We need to establish a connection between our central Django server and Deepgram to get the audio and real-time transcription. Add this code to our consumers.py file.

from typing import Dict

class TranscriptConsumer(AsyncWebsocketConsumer):
   dg_client = Deepgram(os.getenv('DEEPGRAM_API_KEY'))

   async def get_transcript(self, data: Dict) -> None:
       if 'channel' in data:
           transcript = data['channel']['alternatives'][0]['transcript']
      
           if transcript:
               await self.send(transcript)


   async def connect_to_deepgram(self):
       try:
           self.socket = await self.dg_client.transcription.live({'punctuate': True, 'interim_results': False})
           self.socket.registerHandler(self.socket.event.CLOSE, lambda c: print(f'Connection closed with code {c}.'))
           self.socket.registerHandler(self.socket.event.TRANSCRIPT_RECEIVED, self.get_transcript)

       except Exception as e:
           raise Exception(f'Could not open socket: {e}')

   async def connect(self):
       await self.connect_to_deepgram()
       await self.accept()
          

   async def disconnect(self, close_code):
       await self.channel_layer.group_discard(
           self.room_group_name,
           self.channel_name
       )

   async def receive(self, bytes_data):
       self.socket.send(bytes_data)

The connect_to_deepgram function connects us to Deepgram and creates a socket connection to deepgram, listens for the connection to close, and gets incoming transcription objects. The get_transcript method gets the transcript from Deepgram and sends it back to the client.

Lastly, in our index.html, we need to receive and obtain data with the below events. Notice they are getting logged to our console. If you want to know more about what these events do, check out this blog post.

<script>
  socket.onopen = () => {
    document.querySelector('#status').textContent = 'Connected'
    console.log({
        event: 'onopen'
    })
    mediaRecorder.addEventListener('dataavailable', async (event) => {
        if (event.data.size > 0 && socket.readyState == 1) {
            socket.send(event.data)
        }
    })
    mediaRecorder.start(250)
}

  socket.onmessage = (message) => {
      const received = message.data
      if (received) {
          console.log(received)
          document.querySelector('#transcript').textContent += ' ' + received
      }
  }

  socket.onclose = () => {
      console.log({
          event: 'onclose'
      })
  }

  socket.onerror = (error) => {
      console.log({
          event: 'onerror',
          error
      })
  }
</script>

Let’s start our application and start getting real-time transcriptions.

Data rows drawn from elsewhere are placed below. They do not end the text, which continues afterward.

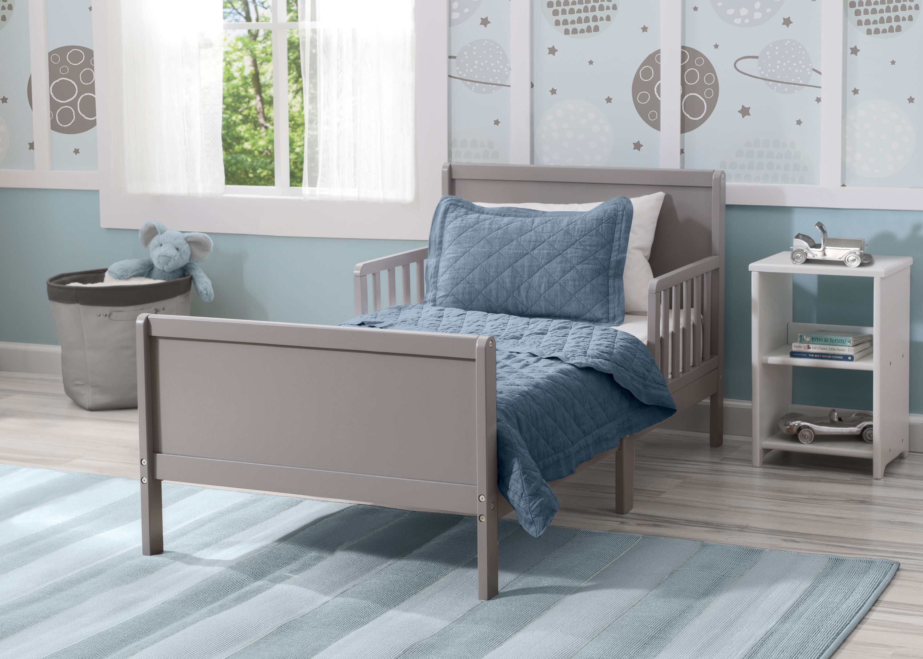 Delta Children Epic Wood Toddler Bed with Attached Guardrails, Grey
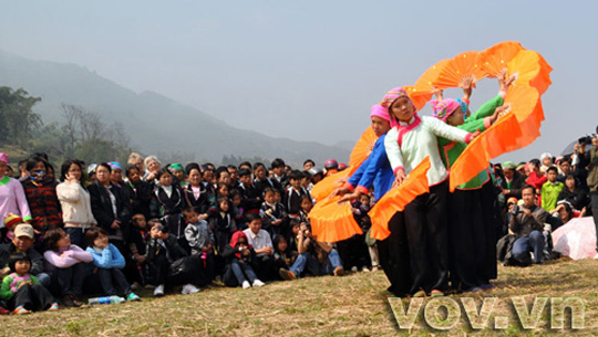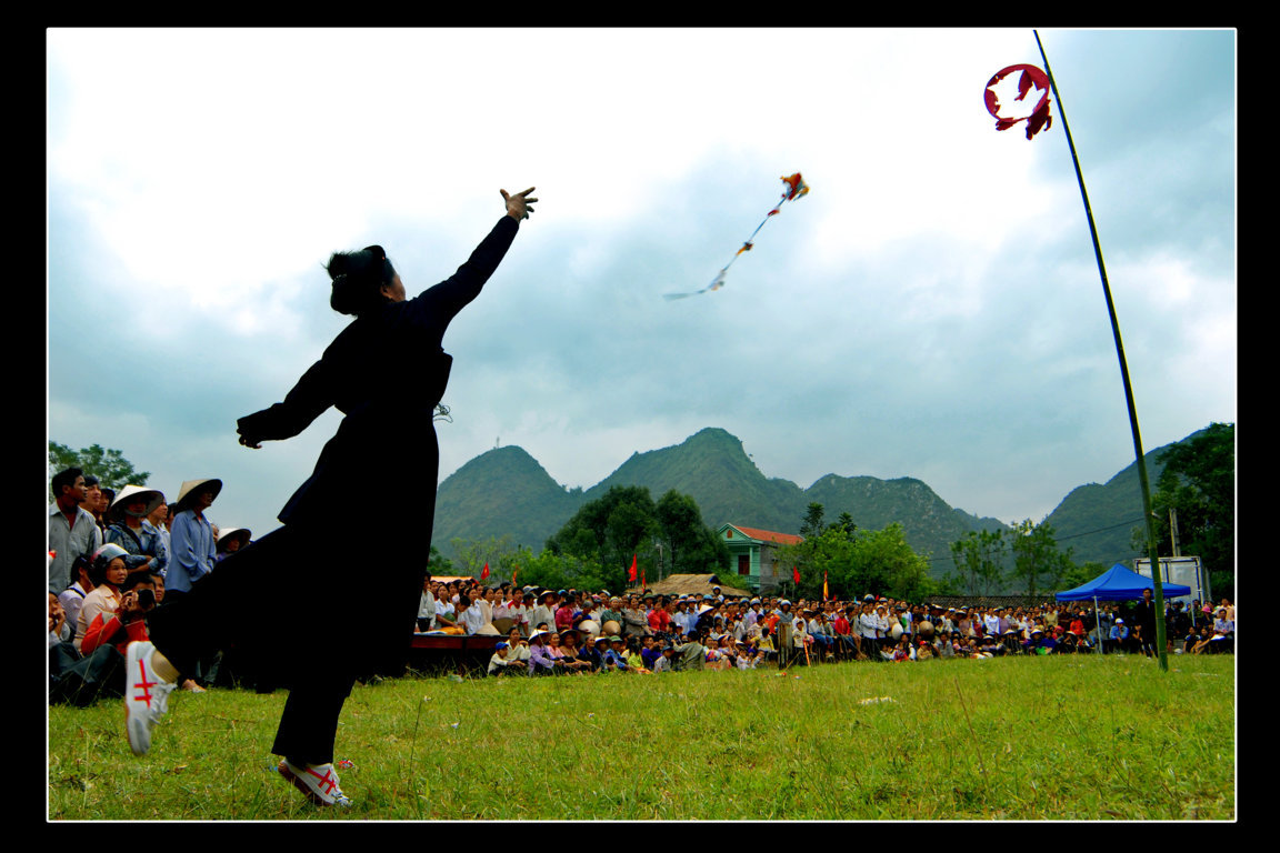 D’abord, on érige un mât d’abricotier au sommet duquel est accroché un cercle recouvert de papier rouge d’un côté - symbole du soleil, et jaune de l’autre - symbole de la lune. Deux équipes se forment : une équipe féminine et une équipe masculine. Le jeu est simple : il s’agit d’envoyer une balle d’étoffe à l’équipe adverse en perforant le papier !... C’est de bon augure pour la moisson paraît-il. Van Van Ngan, de la province de Lào Cai : « Le mât d’abricotier mesure entre 10 et 20 mètres de haut, alors que le cercle symbolisant le soleil et la lune est très petit : 50-60 centimètres de diamètre, pas plus ! Et il faut absolument réussir à le perforer, sinon, le village sera hanté de la malchance. »
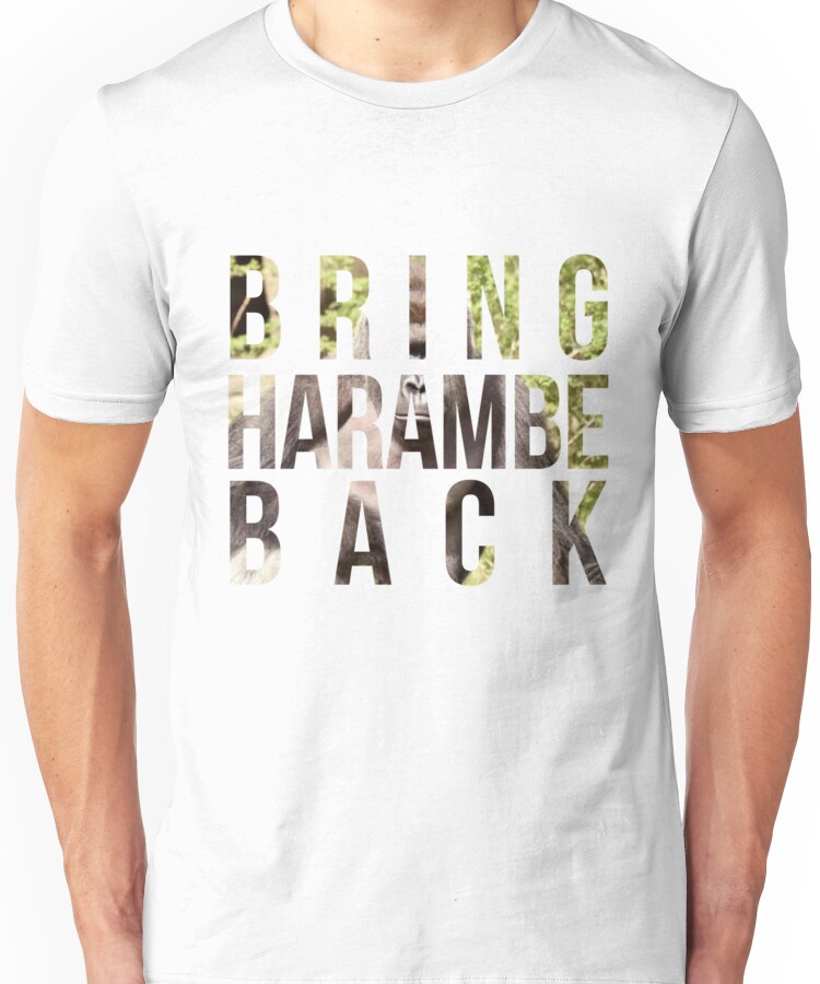 Bring Harambe Back Unisex T-Shirt NOW $19.5 October 13, 2017 by admin Click Here to Purchase at: $19.5 from the Artist: Unisex T-Shirt. IN LOVING MEMORY OF HARAMBE, #NEVERFORGET
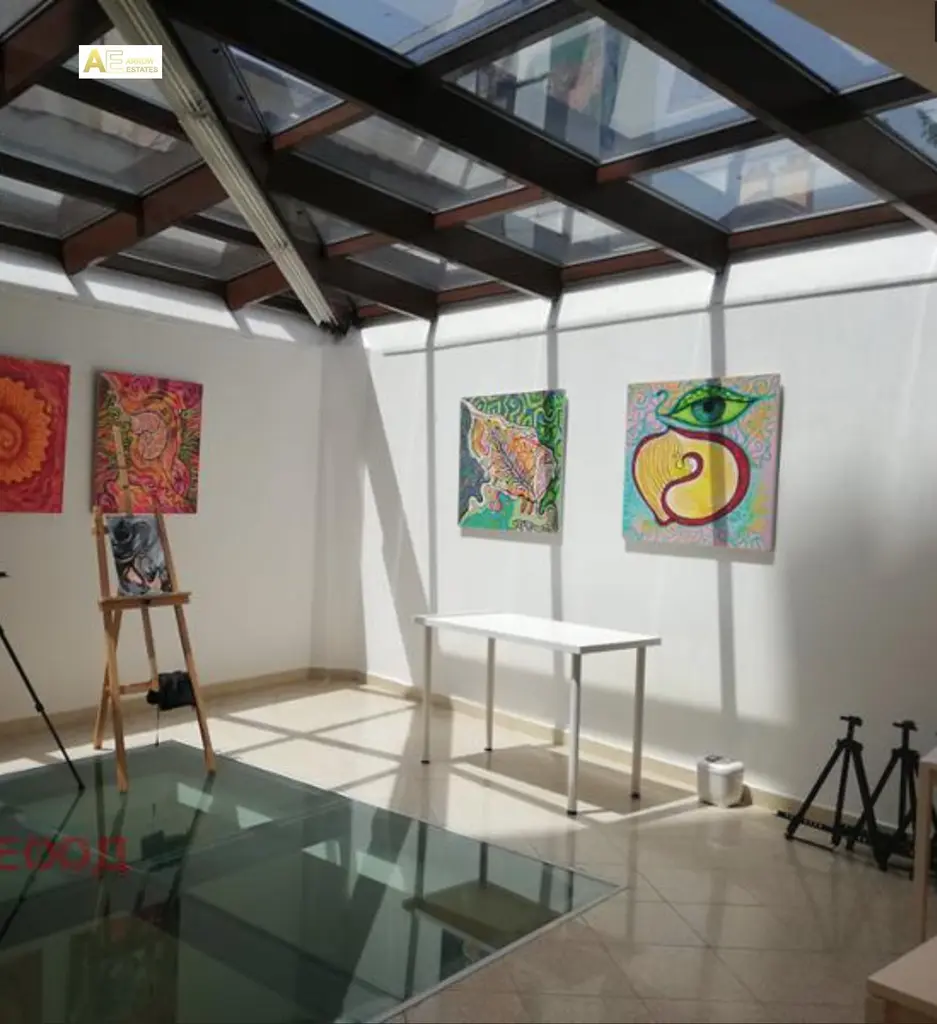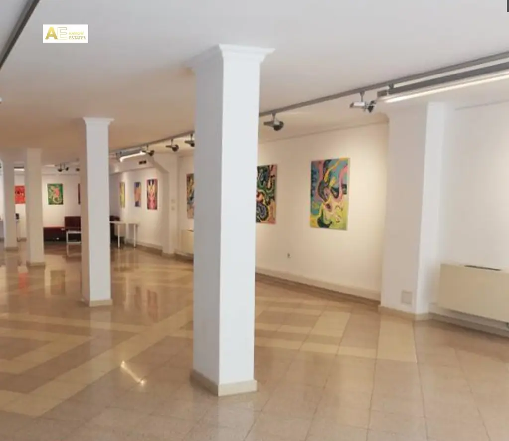 Представителен офис в сграда от смесен тип.Имота е разпределение тип отворено пространство ,разположен на две нива.Партерното ниво с площ 218 кв.м.,състои се от помещение тип отворено пространство.Сутеренното ниво с площ 223 кв.м.,състои от помещение тип отворено пространство, кабинет ,склад ,малък кухненски бокс, 2 броя WC.Пода е завършен с гранитни настилки. Двете нива са свързани посредством вътрешно стълбище. В района на административният и културен център на столицата.
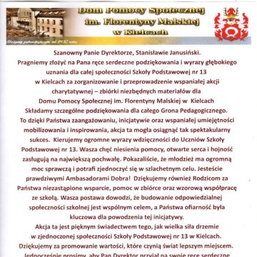 Podziękowania dla Społeczności Szkoły Podstawowej nr 13 w Kielcach
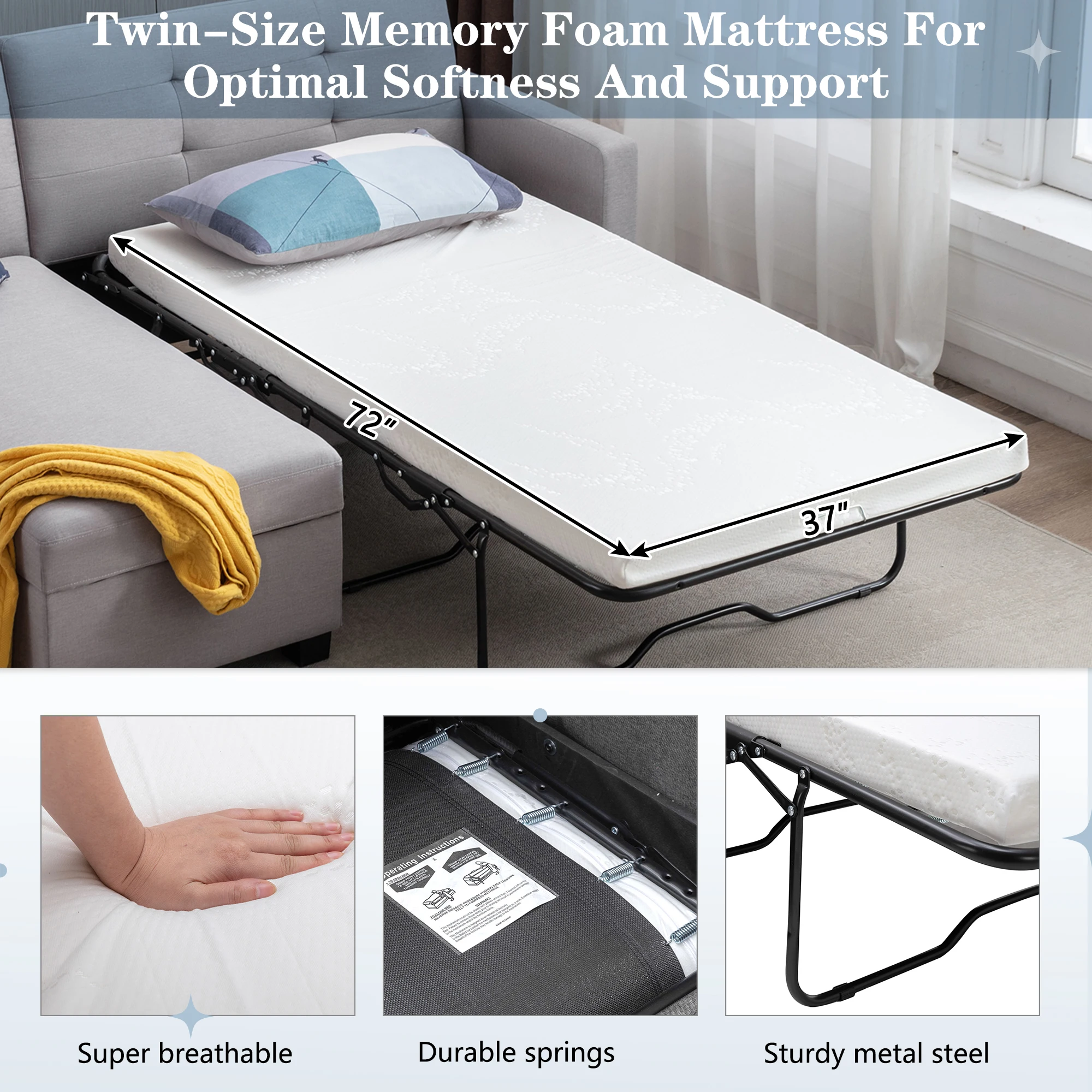 【Sofa Bed Includes Mattresses】This sofa bed includes a foldable mattress, you don't need to buy an extra mattress, just simply prepare a sheet, can enjoy a comfortable sleep.
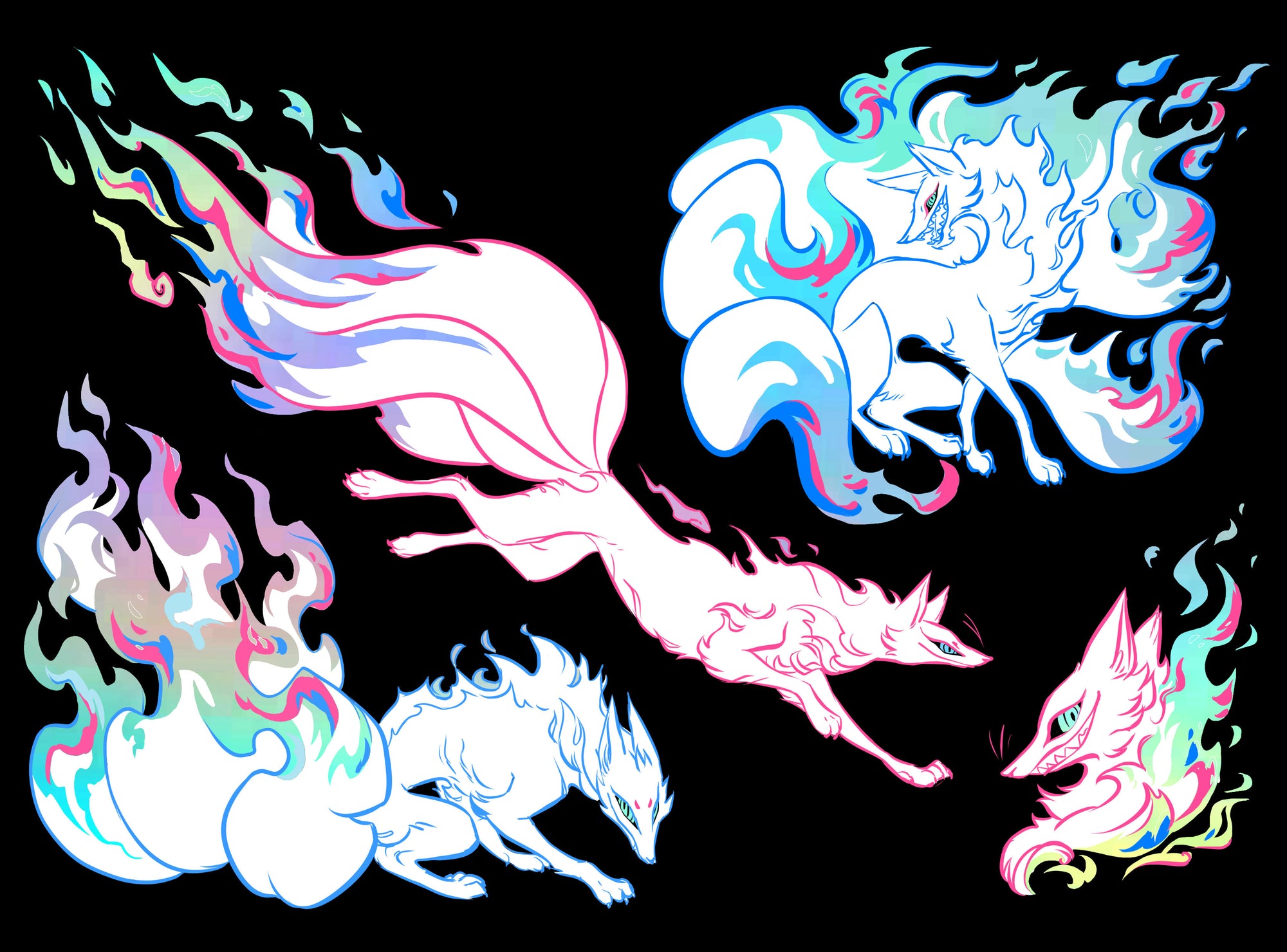 A sticker sheet set of 4 more spooky foxes! These mischievous spirits are printed on holographic vinyl such that their eyes and flames are bright and reflect a rainbow of colours. Each sticker is kiss cut so you can easily peel and apply them! This glossy weatherproof vinyl will hold up to 2-4 years outdoor use / heavy handling too! Great for phones, handheld consoles, vehicles, etc.

From our terminal, run python3 manage.py runserver and pull up our localhost on port 8000, http://127.0.0.1:8000/. If we haven’t already, allow access to our microphone. Start speaking, and we should see a transcript like the one below:

Congratulations on building a real-time transcription project with Django and Deepgram. You can find the code here with instructions on how to run the project. If you have any questions, please feel free to reach out to us on Twitter at @DeepgramDevs.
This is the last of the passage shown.